91Ó°ÊÓ

Partial derivatives are an essential component in calculus that extend the concept of a derivative to functions of multiple variables. They are useful to find how a function changes with respect to one variable, keeping others constant. In the given exercise, we are dealing with a function of multiple variables through substitutions for variables \( u \), \( v \), and \( w \).

To find the partial derivative \( \frac{\partial Y}{\partial r} \), you first break down the impact of \( r \) on \( Y \) via the intermediary variables \( u, v, \) and \( w \). For example:

• \( \frac{\partial u}{\partial r} \) tells us how \( u = r + s \) changes as \( r \) changes
• \( \frac{\partial v}{\partial r} \) and \( \frac{\partial w}{\partial r} \) show us the effect \( r \) has on \( v = s + t \) and \( w = t + r \), respectively.

Once these partial derivatives are determined, they are combined using the chain rule to find the overall impact of \( \frac{\partial Y}{\partial r} \) on the function. This same approach is repeated for \( \frac{\partial Y}{\partial s} \) and \( \frac{\partial Y}{\partial t} \), providing a comprehensive look at how each variable influences the function separately.

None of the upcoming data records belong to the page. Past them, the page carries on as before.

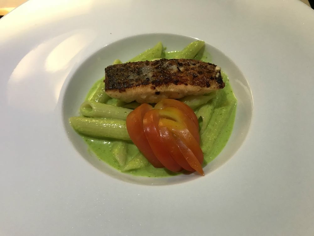It was mesmerising to watch Chef Harry’s skill as he made a sauce with sautéed onion and garlic. He added lemon juice, fish stock, nutmeg and cream and then the lettuce in the blender. This made a creamy and vibrant green sauce to accompany the pan-fried barracuda.
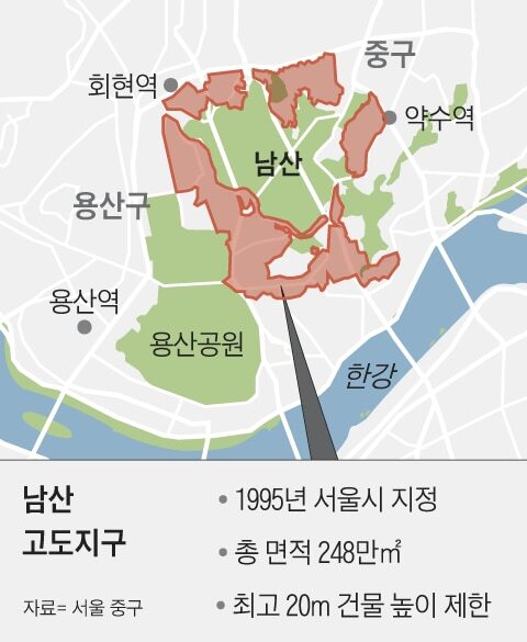 남산 고도제한 완화… “고층 건물로 재개발” “경관 해치면 안돼”
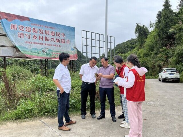 图为当地驻村干部同服务团成员讨论分叉口标识景观设计
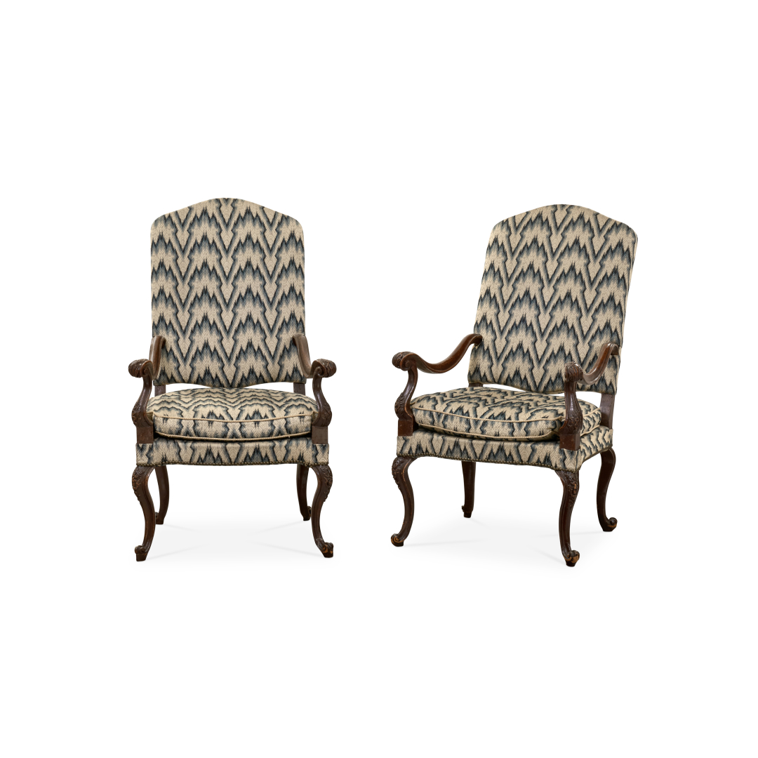 Carved wood, shaped, curved armrests ending in curls, on curved legs, modern fabric with geometric decoration upholstering.
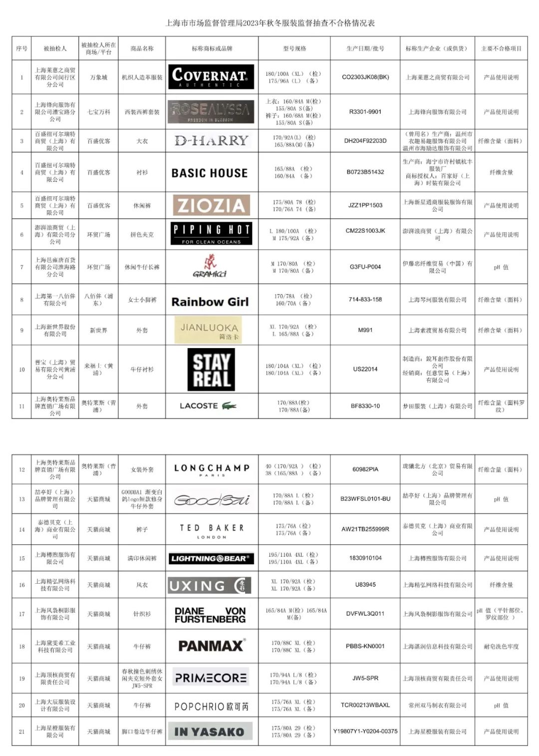 针对消费者投诉、举报集中及以往抽检发现质量问题较多的产品,近期,上海市市场监管局集中组织力量对黄浦、徐汇、静安等8个区以及天猫商城、淘宝和小红书3个网络平台销售的80个品牌80批次秋冬服装进行了监督抽查。经检测,有21批次不合格,不合格检出率为26.3%。检测项目涉及甲醛含量、可分解致癌芳香胺染料、色牢度、抗起毛起球性等14项,本次抽查不合格项目主要是纤维含量、pH值、耐皂洗色牢度、产品使用说明4项。
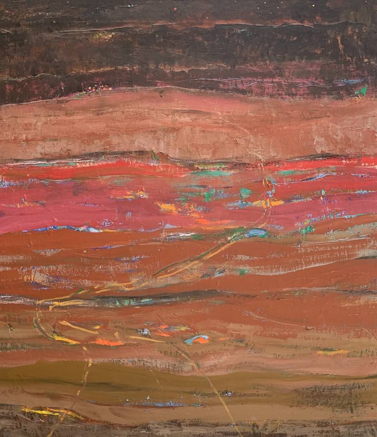 "2600 and something" is an expressionistic painting that began with the faint image of a bust, which gradually transformed into a vibrant landscape. The artist skillfully blends acrylics on canvas to create a captivating scene with blue, green, yellow, red, and dark nuances. The painting evokes a s...
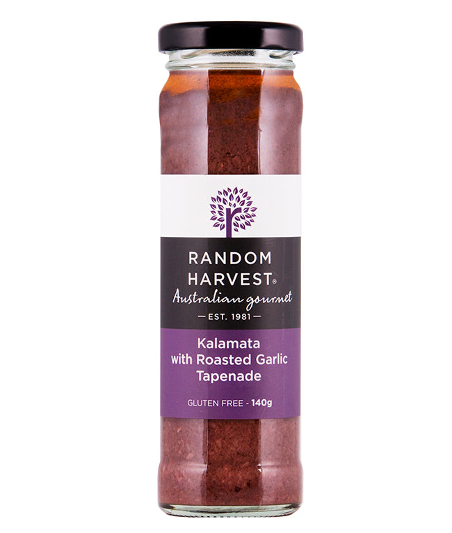 Rich olive spread made from the goodness of Kalamata olives and gently flavoured with roasted garlic, this tapenade is sure to delight your taste-buds! Generously spread kalamata & roasted garlic tapenade on a pizza base, foccacia or ciabbata roll, crumble fetta cheese on top, add some thinly sliced red onions, a drizzle of olive oil and top with a handful of spinach leaves. Bake until lightly golden brown.
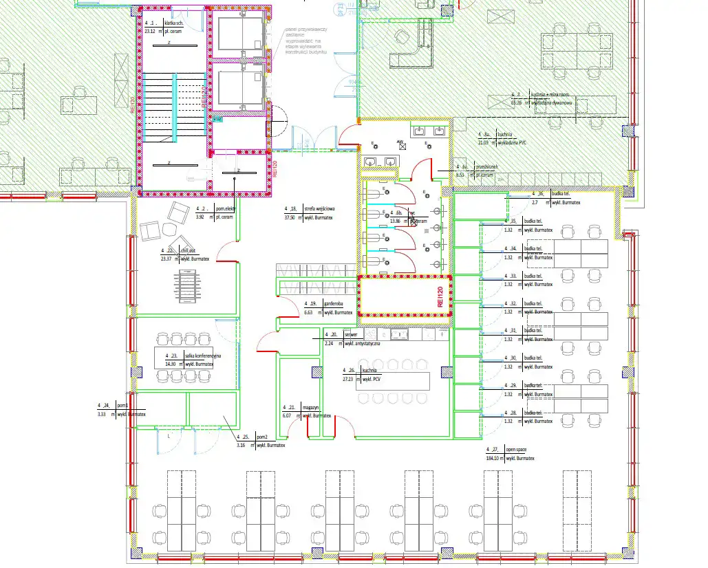 - biuro w zależności od aranżacji oferuje od 30 - 60 stanowisk pracy.
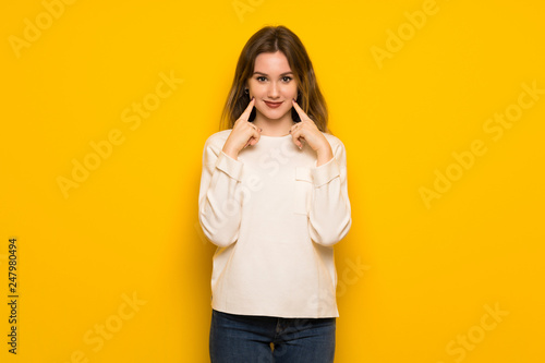 Fototapeta premium Teenager girl over yellow wall smiling with a happy and pleasant expression
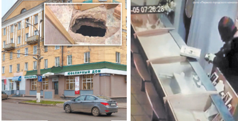 Обвиняемый попал в помещение через отверстие в полу. Для этого он два месяца по часу в день со своим по-мощником долбил бетонное перекрытие под туалетом магазина, после чего пролез через дыру и ровно за 20 секунд обчистил. Преступника нашли по машине. После задержания он объяснял, что на преступление его толкнули многомиллионные долги, которые накопились из провального бизнес-проекта в сфере грузоперевозок.
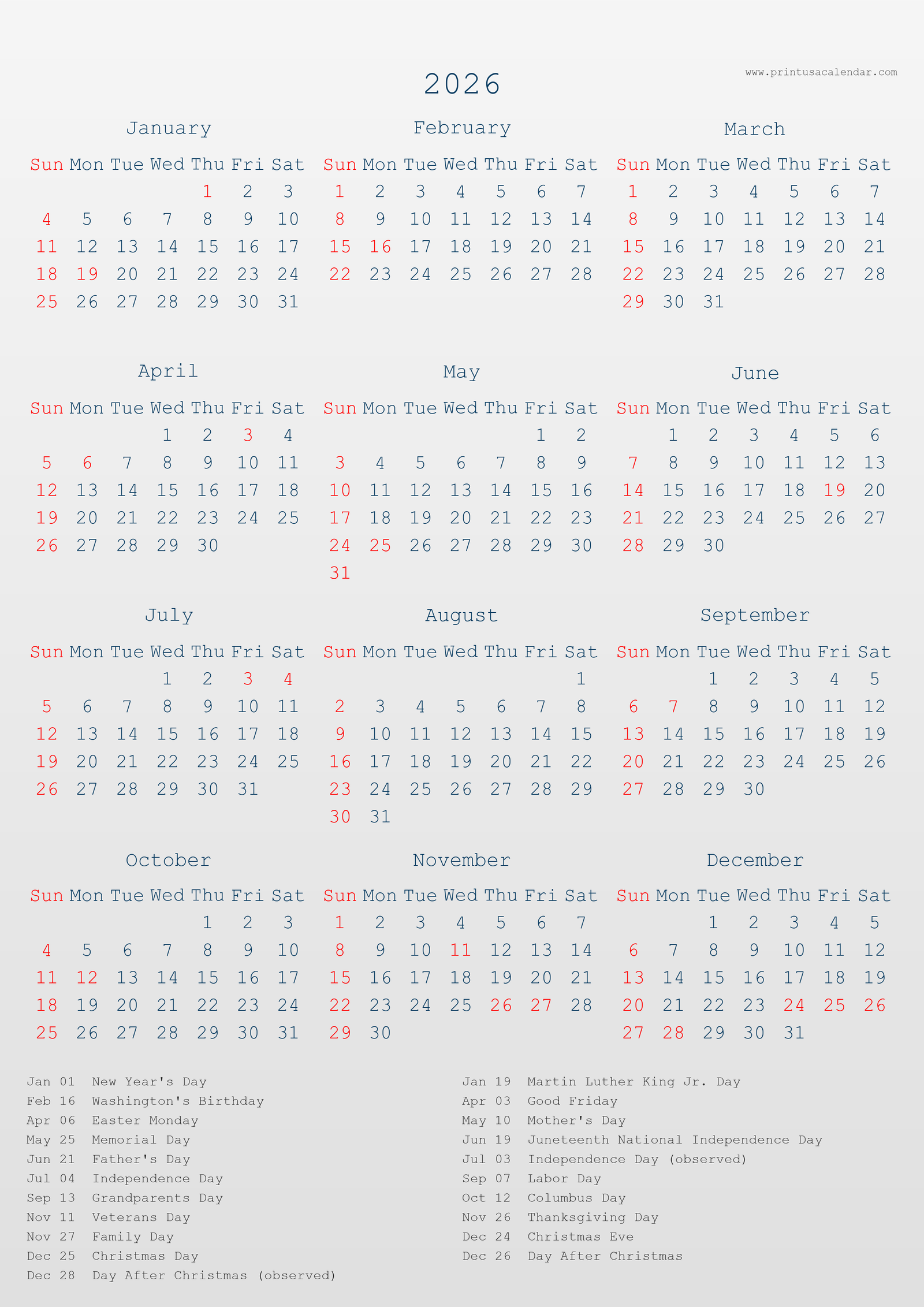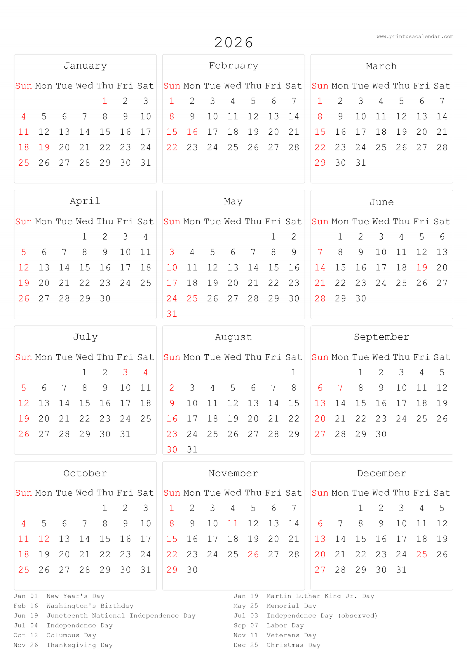 Minimalist printable 2026 calendars with holidays.

Multivariable calculus is all about dealing with functions that have more than one variable. It's like an expansion of single-variable calculus, tackling the challenges that come with the added complexity of multiple dimensions. In this exercise, the function \( Y = w \tan^{-1}(uv) \) is initially defined with substitute variables \( u, v, \) and \( w \), each of which depends on \( r, s, t \).

When working in multivariable calculus, you'll explore how small changes in each of these variables affect the entire function. You often do this by looking at directional changes in space, understanding not just the magnitude but also the direction of changes. Using derivatives in all possible directions is what enables you to grasp the behavior of such complex functions. This type of calculus requires grasping concepts like partial derivatives, gradient vectors, and the chain rule, which are pivotal for tackling real-world problems with multiple inputs, like those seen in this exercise.

Implicit differentiation is a technique used when the function you need to differentiate is not given explicitly in terms of one variable. This often happens in multivariable functions where variables are intricately linked. In the provided exercise, even though \( Y \) depends on \( u,v, \) and \( w \), these variables are themselves functions of \( r, s, \) and \( t \).

Using implicit differentiation along with the chain rule, we handle these indirect dependencies effectively. When finding \( \frac{\partial Y}{\partial r} \), for instance, you need to differentiate \( Y \) in terms of \( u \) or \( w \), considering their dependence on \( r \).

• First, compute derivatives of \( Y \) with respect to \( u, v, \) and \( w \).
• Then, calculate how each of these intermediary variables relates back to \( r, s, \) or \( t \).
• Finally, apply the chain rule to bring it all together.

This approach allows you to explore the hidden relationships between variables and take derivatives, even if expressing \( Y \) in explicit terms of \( r, s, \) or \( t \) is complex or infeasible.